Construct Canada session shows Murphy’s Law at work

December 9, 2014
By Canadian Consulting Engineer

Judging from a session at Construct Canada Conference and Trade Show last week, construction is no industry for the timid and faint of heart.

Judging from a session at Construct Canada Conference and Trade Show last week, construction is no industry for the timid and faint of heart.

Nastassja Pearson, P.Eng. and Andrea Yee, both project managers at Halsall Associates, presented on “Murphy’s Law: Unintended Consequences in Building Envelope Design and Construction,” on December 4. The well attended session was one of scores held at largest construction conference, which took place over two days at the Toronto Convention Centre downtown.
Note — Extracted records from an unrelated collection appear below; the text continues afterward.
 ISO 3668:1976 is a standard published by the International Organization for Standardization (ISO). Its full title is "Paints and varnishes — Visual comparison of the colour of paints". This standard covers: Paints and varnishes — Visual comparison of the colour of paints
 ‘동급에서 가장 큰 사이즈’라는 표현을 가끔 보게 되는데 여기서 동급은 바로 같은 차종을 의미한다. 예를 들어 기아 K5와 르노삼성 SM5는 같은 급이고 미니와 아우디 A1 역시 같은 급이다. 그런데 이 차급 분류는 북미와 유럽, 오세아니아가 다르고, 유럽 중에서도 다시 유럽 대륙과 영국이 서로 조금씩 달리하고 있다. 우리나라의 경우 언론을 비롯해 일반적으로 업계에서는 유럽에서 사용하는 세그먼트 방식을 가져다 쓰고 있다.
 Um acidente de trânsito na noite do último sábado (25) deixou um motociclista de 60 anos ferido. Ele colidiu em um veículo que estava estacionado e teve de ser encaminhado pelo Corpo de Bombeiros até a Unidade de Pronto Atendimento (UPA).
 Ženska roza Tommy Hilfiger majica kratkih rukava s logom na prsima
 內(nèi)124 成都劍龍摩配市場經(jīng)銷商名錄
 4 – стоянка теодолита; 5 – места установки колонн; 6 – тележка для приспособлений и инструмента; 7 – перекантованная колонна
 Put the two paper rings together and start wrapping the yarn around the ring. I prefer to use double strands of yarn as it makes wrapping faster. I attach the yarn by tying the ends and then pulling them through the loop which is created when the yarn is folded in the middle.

Pearson and Yee outlined trends in architecture and construction that are creating potential problems and need special attention from engineers and designers.

First they talked about glass. It is being used everywhere in large panels for floor-to-ceiling walls, in balconies and in imaginative building forms, but it has also received lots of attention for breakage and failures.

For example, designers want to create “cleaner” looks with minimum framing for glass. But this requires complex glass support systems, which in turn require more complex engineering analysis.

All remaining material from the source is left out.